Going to the Heisenberg picture, 
$$X(t) = e^{i\frac{Ht}{\hbar}}X e^{-i\frac{Ht}{\hbar}} \tag{2.1}$$
$$P(t) = e^{i\frac{Ht}{\hbar}}P e^{-i\frac{Ht}{\hbar}} \tag{2.2}$$
it can be found that
$$X(t)=\left(X-\frac{qE_0}{m\omega^2}\cos\omega^{\prime}t\right)\cos\omega t + \frac{P}{m\omega}\sin\omega t +  \frac{qE_0}{m\omega^2}\cos\omega^{\prime}t \tag{3.1}$$
$$P(t)= -m\omega\left(X-\frac{qE_0}{m\omega^2}\sin\omega^{\prime}t\right)\cos\omega t + P \cos\omega t \tag{3.2}$$
with the identity
$$e^{i\frac{Ht}{\hbar}}O e^{-i\frac{Ht}{\hbar}}=O + \left(\frac{it}{\hbar}\right)[H,O]+ \frac{1}{2!}\left(\frac{it}{\hbar}\right)^2[H,[H,O]]+\cdots \tag{4}$$
Eq.(3.1) has no free parameter left, how can I solve for X(t) from the initial condition?
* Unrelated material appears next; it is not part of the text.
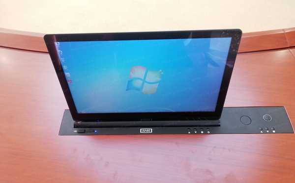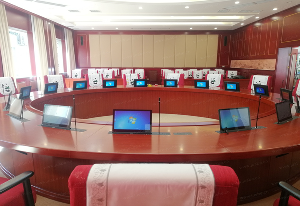 會議室圓形主席桌面無紙化系統,安裝的雙顯高清觸摸一體終端,自帶話筒升降和電子桌牌。開會時,與會者手指只需輕觸屏幕即可完成多項會議功能,原則上會議全程無需紙張。此套無紙化系統具備豐富會議服務功能,文件上傳、會議簽到、投票表決、資料查閱、電子白板、投影、文件批注、視頻播放等,極大提升會議效率。同時文件權限下載和資料加密的設計,能夠加強重要資料的高度保密性,避免泄露,既高效環保又安全有保障,完全滿足各種日常工作會議、保密會議、專題會議召開的需要。

Also, I tried to check if my result satisfy Heisenberg equation of motion:
$$\frac{dO_H(t)}{dt} = \frac{i}{\hbar}[H_H(t),O_H(t)]\tag{5}$$
and got
$$\frac{dX(t)}{dt} = \frac{i}{\hbar}[H_H(t),O_H(t)]=\frac{P(t)}{m} \tag{6.1}$$
$$\frac{dP(t)}{dt} =\frac{i}{\hbar}[H_H(t),P_H(t)]= - m \omega^2\left(X - \frac{qE_0}{m\omega^2}\cos(\omega^{\prime}t)\right)\tag{6.2}$$
Plugging eq.(3.2) into eq.(6.1) does not give the time derivative version of eq.(3.1).
I can't find what's the problem in the above analysis.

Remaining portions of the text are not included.